- What is being asked
Your task is to give the listing below back word for word, pictures excluded.

- Data block
* * * * *

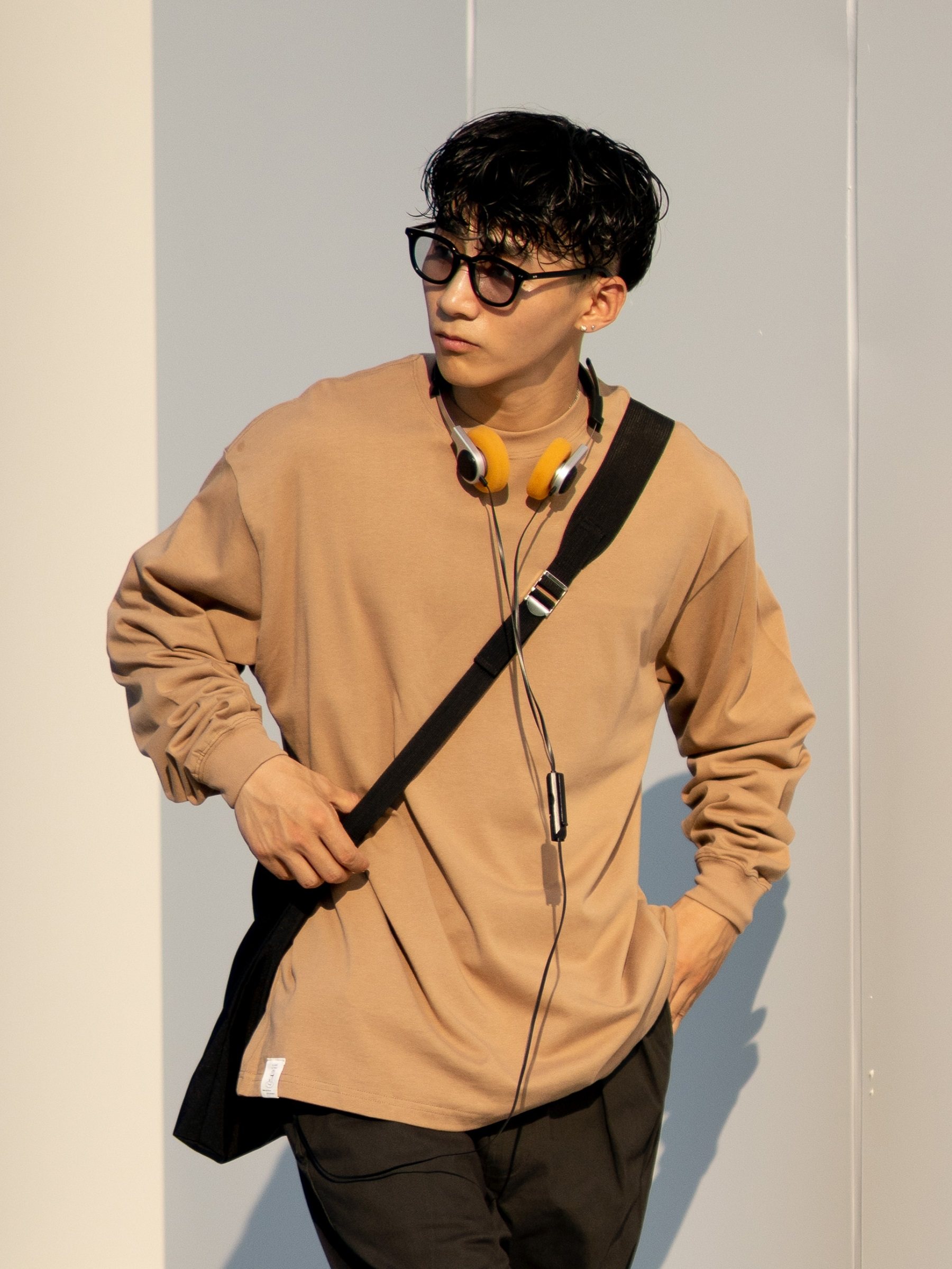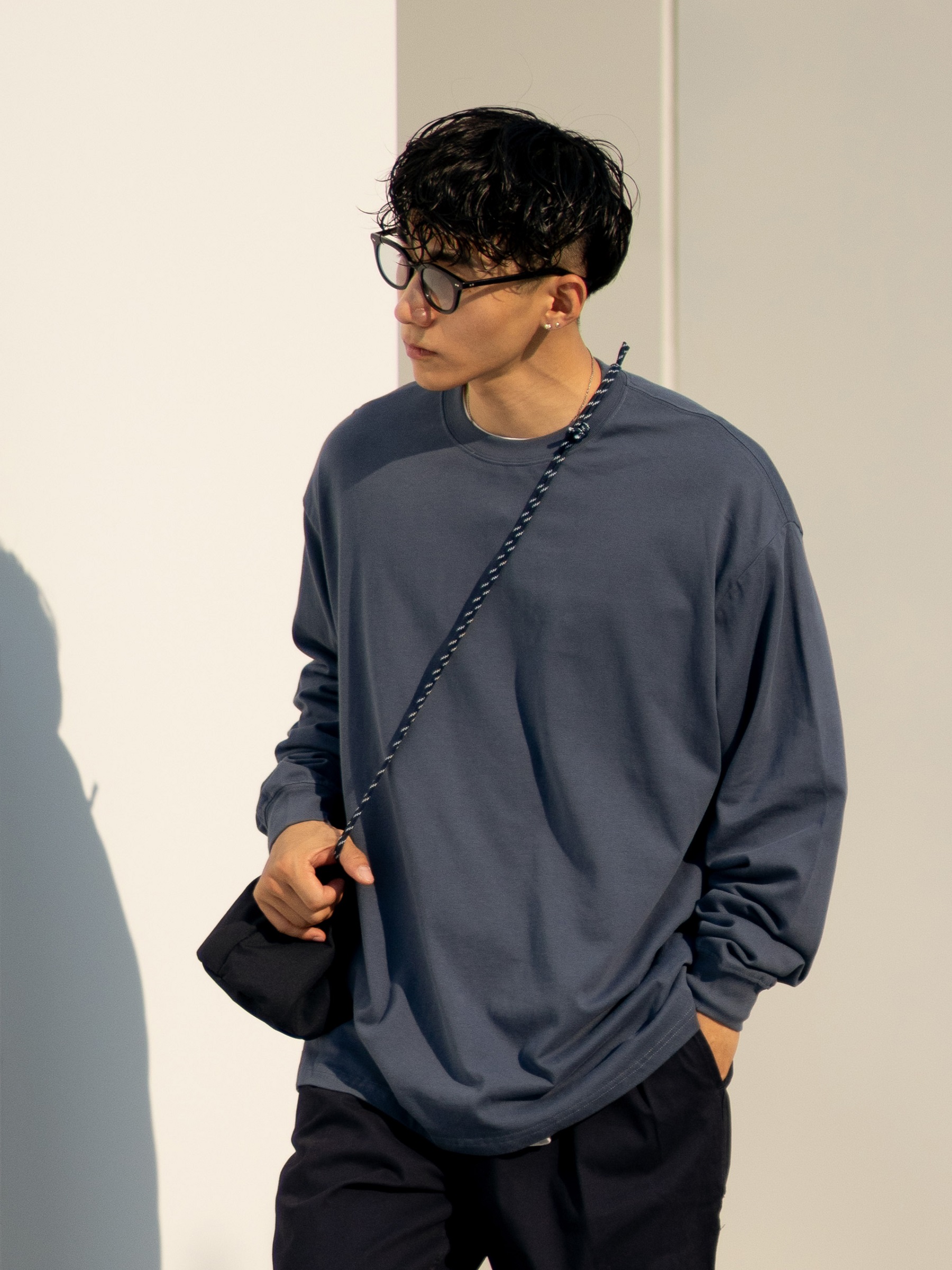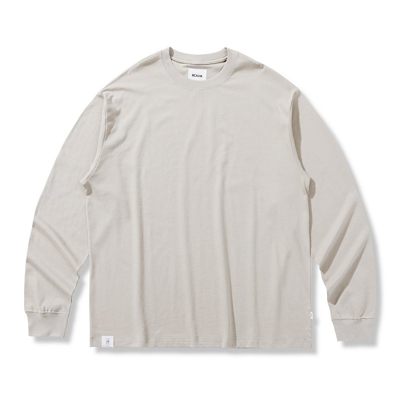 BCALM青春流行宽松休闲圆领基础纯色国潮白色长袖打底T恤男女重磅
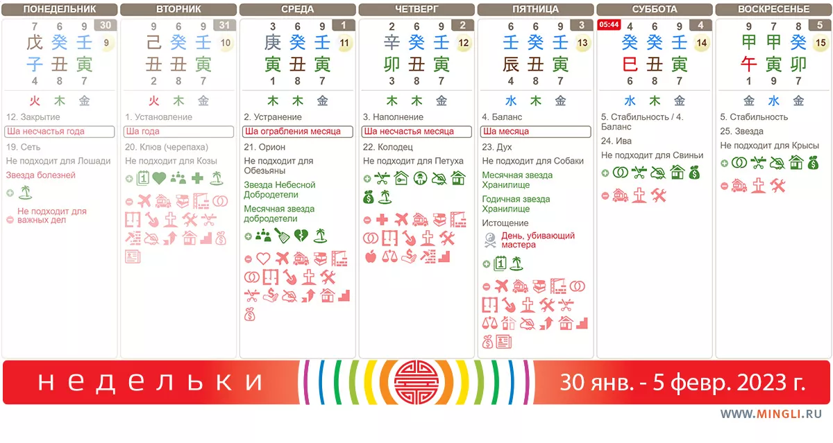 5 февраля, воскресенье. Прекрасный и довольно сильный день для строительных работ, переезда в новый дом, начала нового дела или бизнеса, путешествий, свадьбы да и большинства позитивных дел. Неожиданное богатство может быть получено в течение 60-120 дней. Большое дело принесет большую прибыль, малое дело принесет малую прибыль. Если вчера вы не отладили свой Фэн Шуй 2023 – стоит сделать это сегодня.
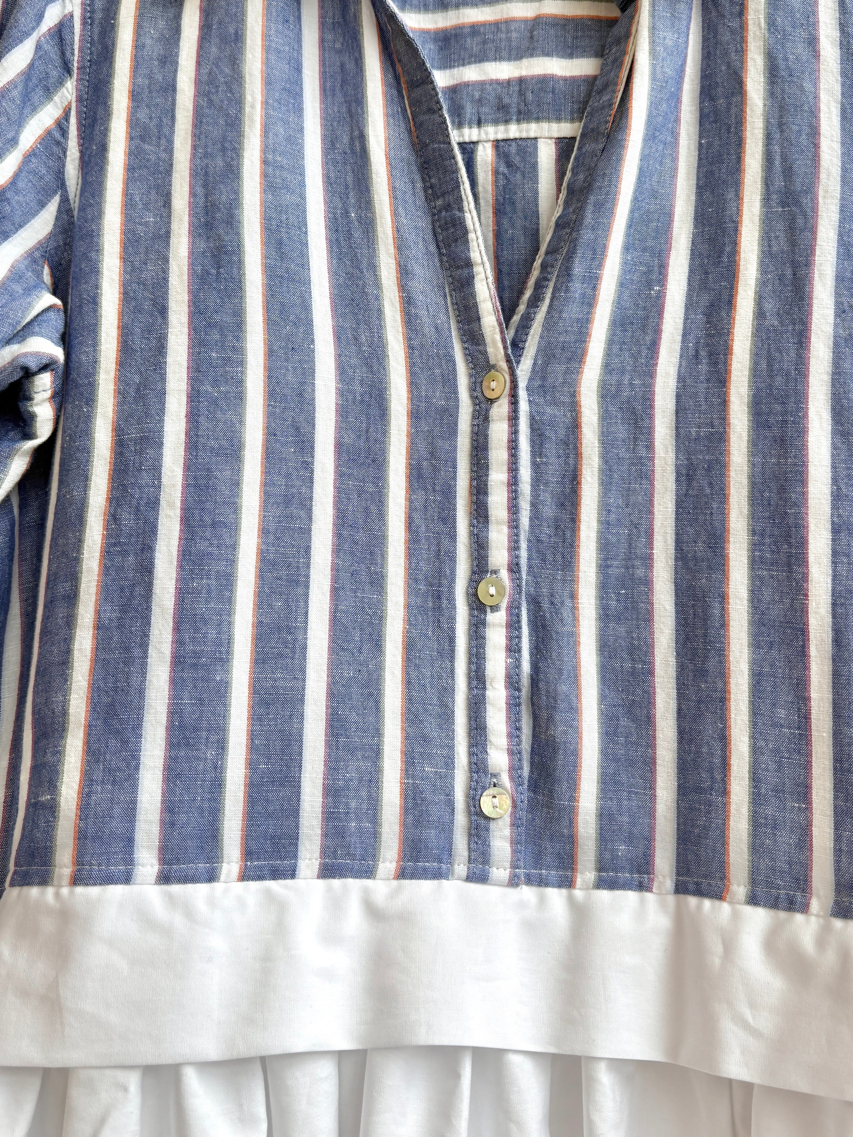 For the newest dress style for our Made X Reworked line, we’re sourcing men’s shirts from a local social-justice thrift store, Thrift2Fight, and breathing new life into them. Each design is slightly different and of course starts with a different shirt. This one combines a blue men’s button-down in a blue and faded rainbow stripe with white cotton shirting for a full-skirted shirtwaist shirtdress with an empire waistline.

* * * * *

- Response box
 BCALM青春流行宽松休闲圆领基础纯色国潮白色长袖打底T恤男女重磅
 5 февраля, воскресенье. Прекрасный и довольно сильный день для строительных работ, переезда в новый дом, начала нового дела или бизнеса, путешествий, свадьбы да и большинства позитивных дел. Неожиданное богатство может быть получено в течение 60-120 дней. Большое дело принесет большую прибыль, малое дело принесет малую прибыль. Если вчера вы не отладили свой Фэн Шуй 2023 – стоит сделать это сегодня.
 For the newest dress style for our Made X Reworked line, we’re sourcing men’s shirts from a local social-justice thrift store, Thrift2Fight, and breathing new life into them. Each design is slightly different and of course starts with a different shirt. This one combines a blue men’s button-down in a blue and faded rainbow stripe with white cotton shirting for a full-skirted shirtwaist shirtdress with an empire waistline.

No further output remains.